24. Intelligence Memorandum Prepared in the Central Intelligence Agency1

RP M 78–10331

GREECE, TURKEY, AND THE WEST IN THE POST-EMBARGO PERIOD

Key Judgments

The US decision to lift the arms embargo against Turkey has disappointed the Greeks and pleased the Turks, but the embargo’s removal will neither irreparably damage the West’s relations with Greece nor produce a complete rapprochement with Turkey. And while it might in the long run help produce progress on the Aegean and Cyprus disputes, it is not by itself likely to lead to any dramatic breakthrough. The pace of negotiations in those disputes will be determined more by the protagonists’ weighing of political, strategic, and emotional factors against the advantages of compromise.

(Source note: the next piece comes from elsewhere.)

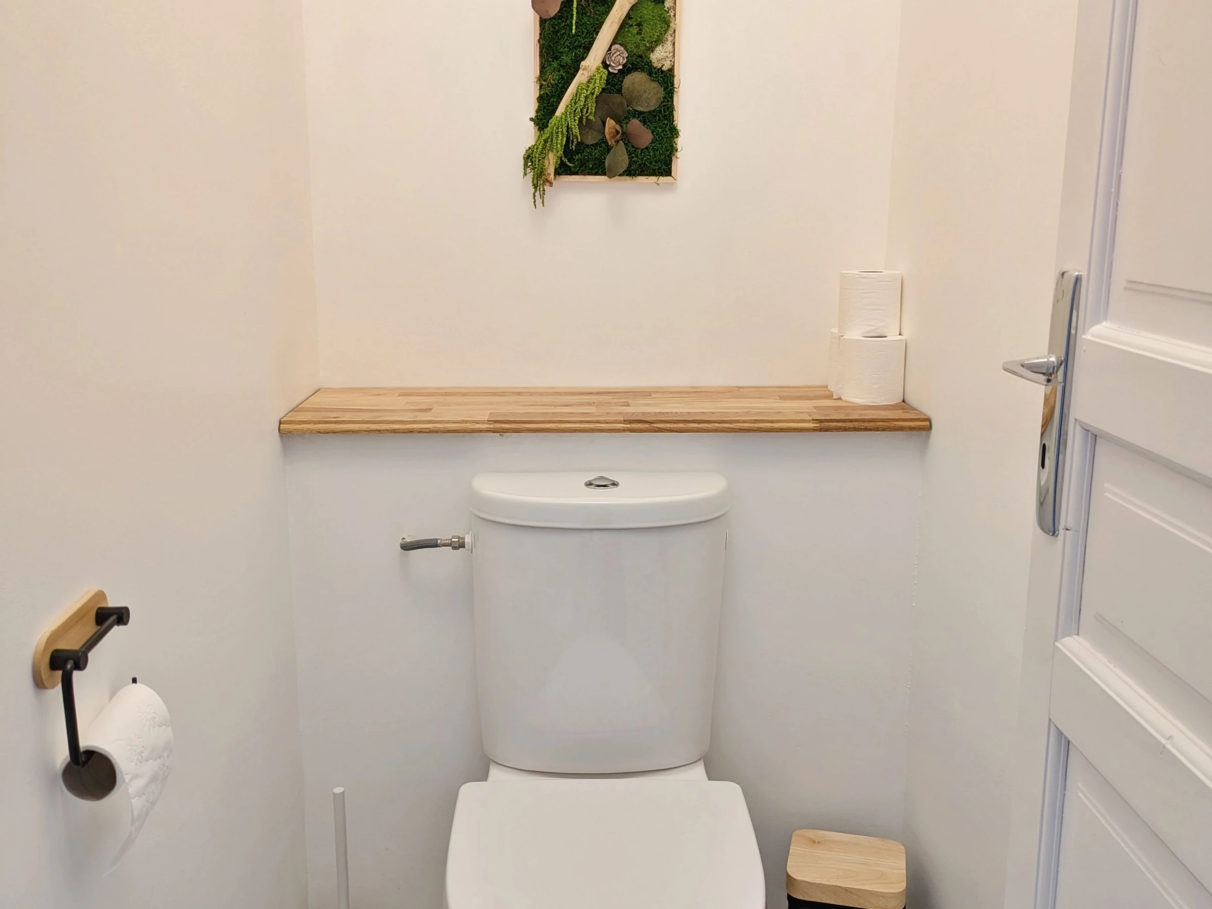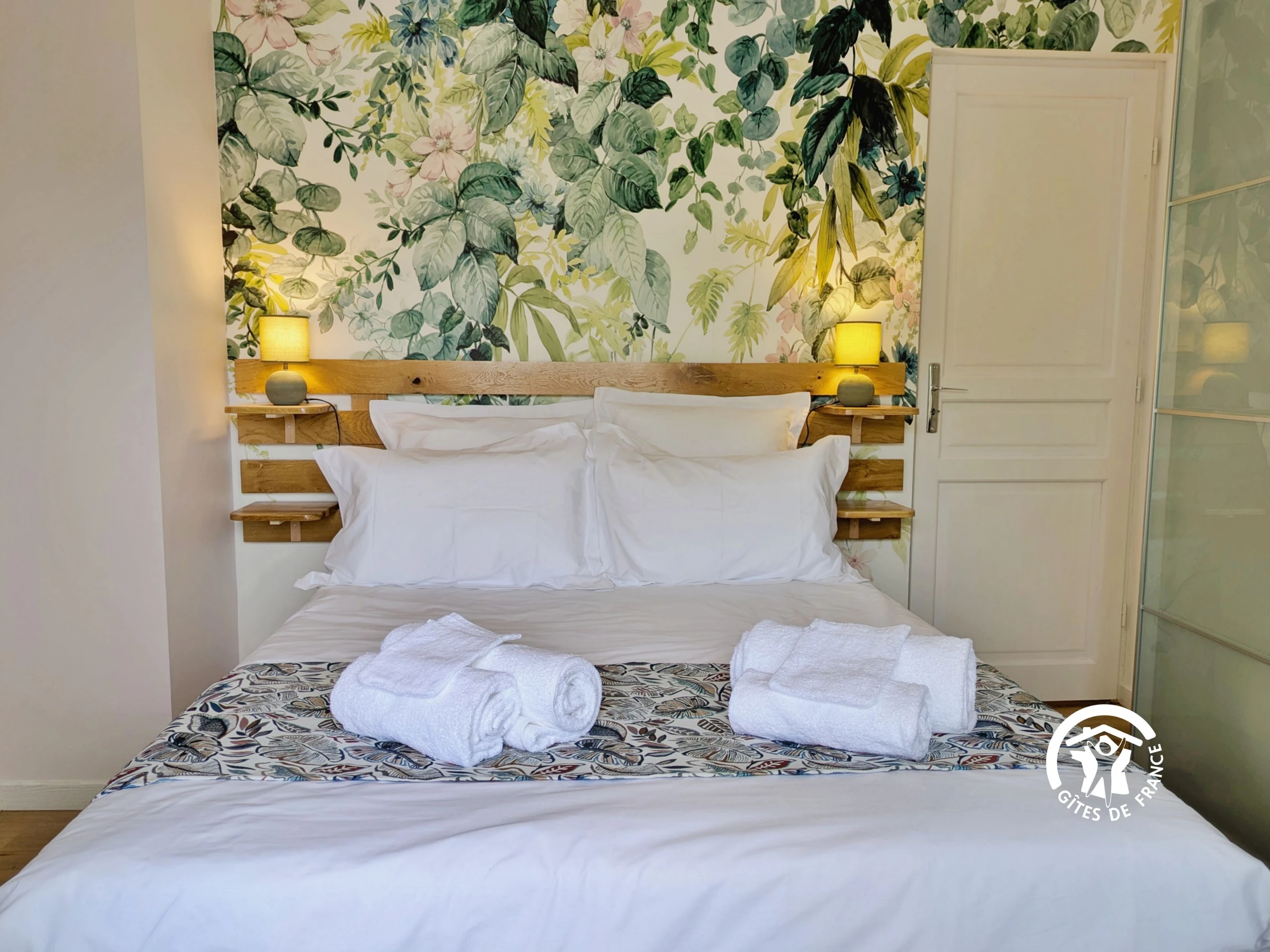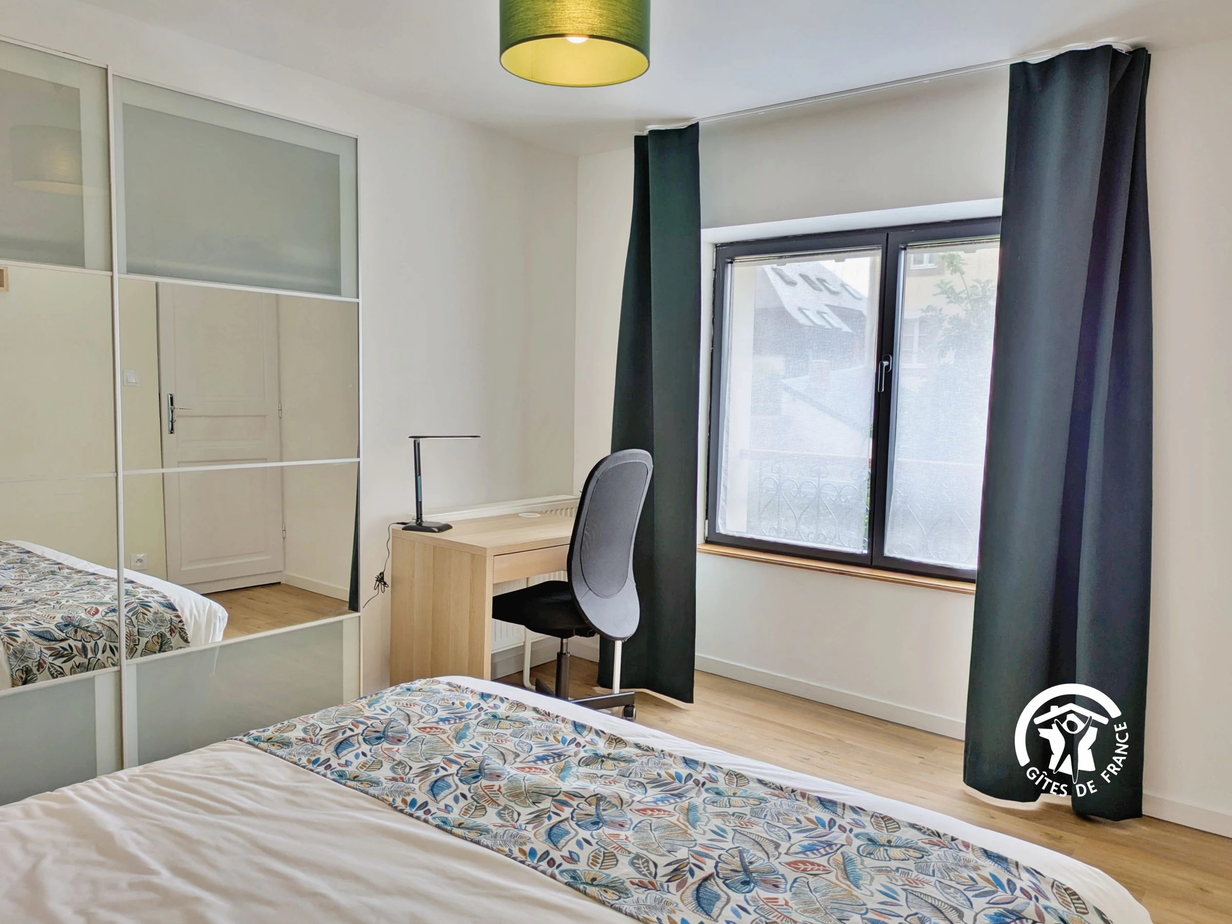 Entspannung & Gastronomie: Lokale Märkte (700 m) – Restaurants (nur 500 m) Unterkunft im 1. Stock, Zugang über Treppe (kein Aufzug): Eingang – Wohnzimmer, Esszimmer, ausgestattete Küche (16 m²): Spüle, 4-Flammen-Herd, Dunstabzugshaube, Geschirrspüler, Backofen, Kühlschrank mit Gefrierfach, Mikrowelle, Wasserkocher, Toaster, Küchenmaschine, Kaffeemaschine – Schlafzimmer 1 (11,8 m²): ein 160 x 200 cm großes Bett, Kleiderschrank mit Regalen und Hängefläche, Schreibtisch und Stuhl, RJ45-Steckdose – Schlafzimmer 2 (9 m²): ein 140 x 190 cm großes Bett, Kleiderschrank mit Regalen und Hängefläche, Schreibtisch und Stuhl, RJ45-Steckdose – Badezimmer (4,9 m²): Waschbecken, Dusche, Haartrockner und Waschmaschine/Trockner – separates WC.

Despite the embargo’s removal, in fact, the West will continue to experience more strains in its relations with Turkey than with Greece. The Turks have greater economic needs than the Greeks, and the West may be unable or unwilling to fulfill them. Western interests on the issues of Greek reintegration in NATO and Greek entry in the EC are parallel to those of Athens and run at cross purposes with those of Ankara. Moreover, for reasons deriving from ideology, domestic politics, financial stringency, and its perception of Turkey’s strategic importance, the Ecevit government is more willing to drive a hard bargain on the question of defense cooperation with the West and to ex [Page 101] plore the possibility of closer relations with the Soviets. Western relations with Greece would worsen markedly only if Athens concluded that the West was hesitant in supporting Greece’s NATO and EC bids or indifferent in the face of Turkish military pressure on Greece.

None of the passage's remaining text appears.